Low back pain isn’t subtle
If you have low back pain, you know it! Low back pain can be described as sharp, radiating, persistent or dull pain felt in the low back, just below the waist. Low back pain is fairly common and affects most people at some point during their life.
Low back pain is commonly caused by a strained muscle associated with forceful movement, physical work, lifting, bending or twisting, awkward positions, or even just standing in one position too long. As you can see, a there is a range of activities that can cause low back pain and exacerbate an current or previous low back problem.
Click here to read about conditions that can cause low back pain.
Anatomy of the Low Back
Low back pain can be caused by a range of things. Understanding spine anatomy will help you better understand the cause of your low back pain.
Your low back, called your lumbar spine in “doctor-talk”, is made up of numerous parts:
There are 5 lumbar vertebrae, which are the bones of your spine. They are named L1, L2, L3, L4 and L5. Your lumbar spine vertebrae are the largest vertebrae in the spine, and they play a large role in carrying and distributing your weight.

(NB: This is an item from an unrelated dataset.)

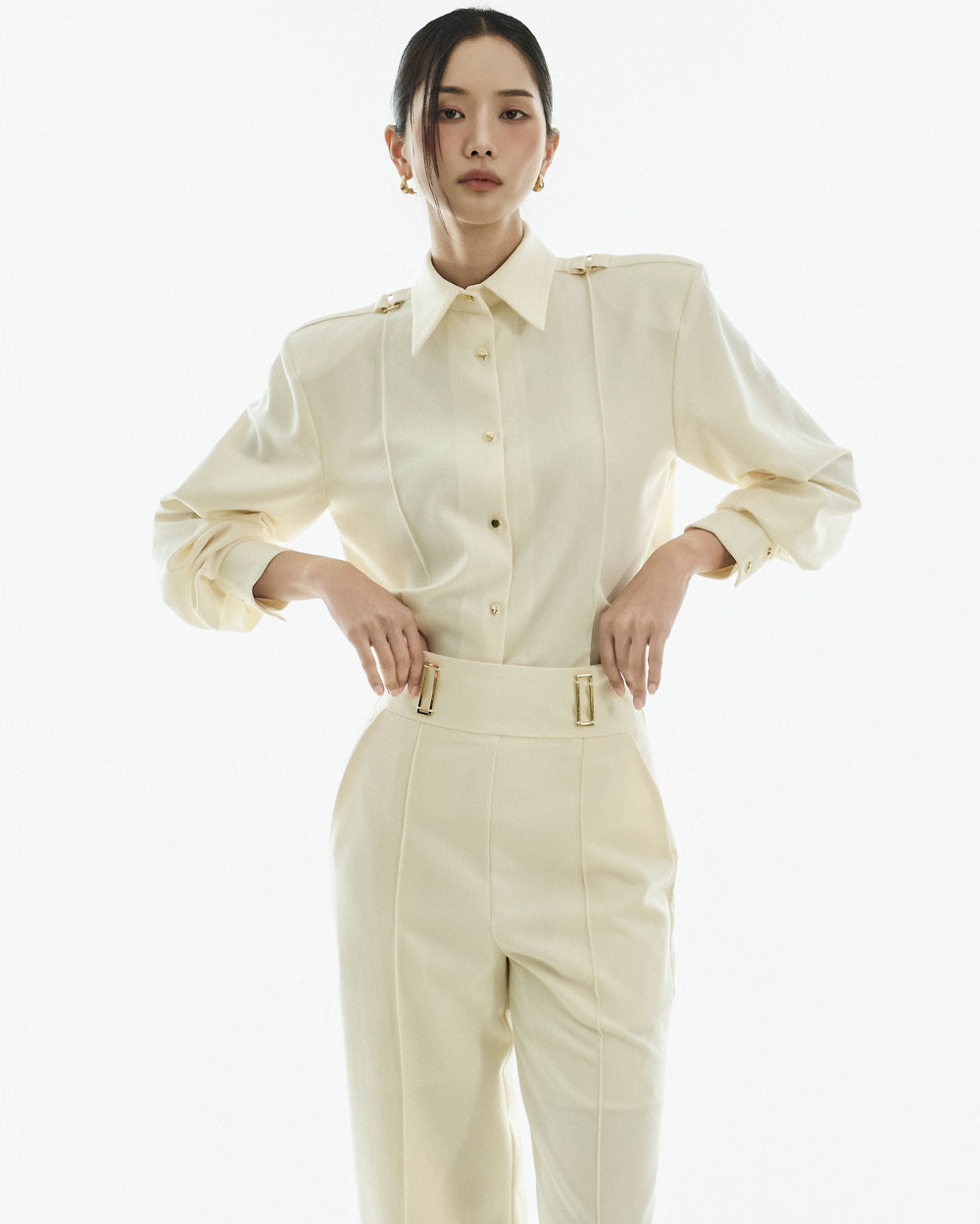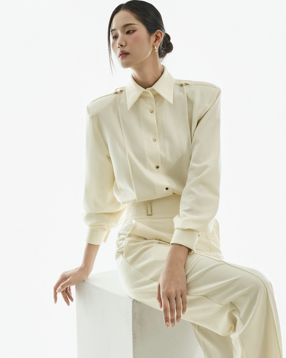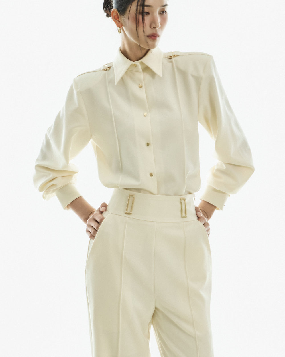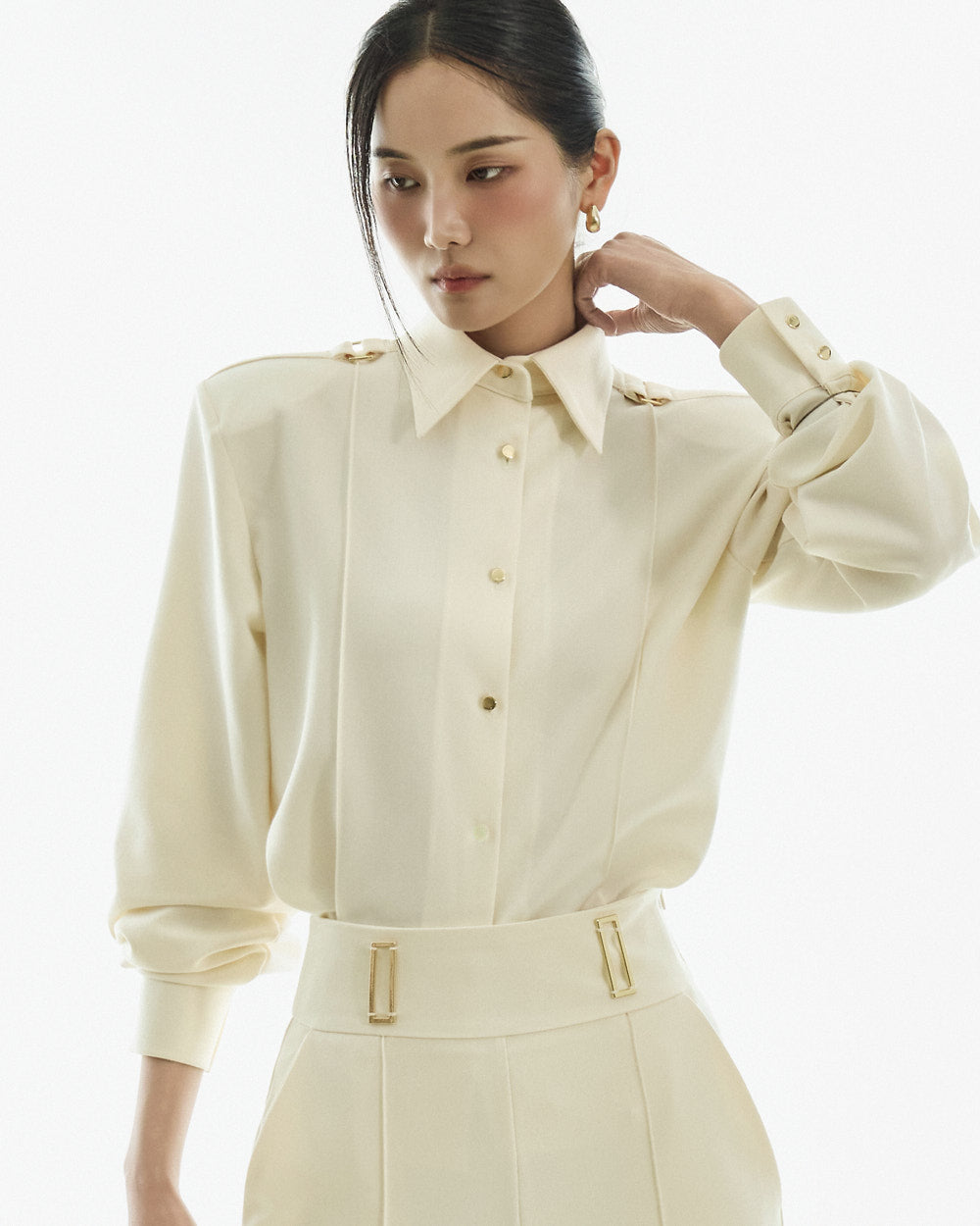 The blouse features a straight, fitted silhouette with shoulder pads and

On the back (posterior) side of your vertebrae, are your facet joints. Like all joints, the facet joints help ensure safe movement. In your lumbar spine, they are extremely important to your flexibility, they help determine how far forward and backward you can bend.
The intervertebral discs are between your vertebrae. The function of your intervertebral discs is to absorb movement, similar to the shocks on your car. Intervertebral discs have a rubbery exterior (annulus fibrosus) and they are filled with a gel-like substance (nucleus pulposus).
The spinal cord runs from your brain, down a protective tunnel made by the vertebrae and discs, called the spinal canal. Spinal nerves branch off of the spinal cord. In your lumber spine, the spinal cord becomes a bundle of nerves (cauda equine). These nerves branch out to the legs and help you feel and move.
Ligaments, muscles, tendons and blood vessels are the “soft tissues” of the lumbar spine. Your muscles, ligaments and tendons support your spine and ensure that you are able to safely move, lift, twist, etc.
As you can see, there is a complex range of parts that make up your lumbar spine. An injury or strain to any one of these can cause significant low back pain.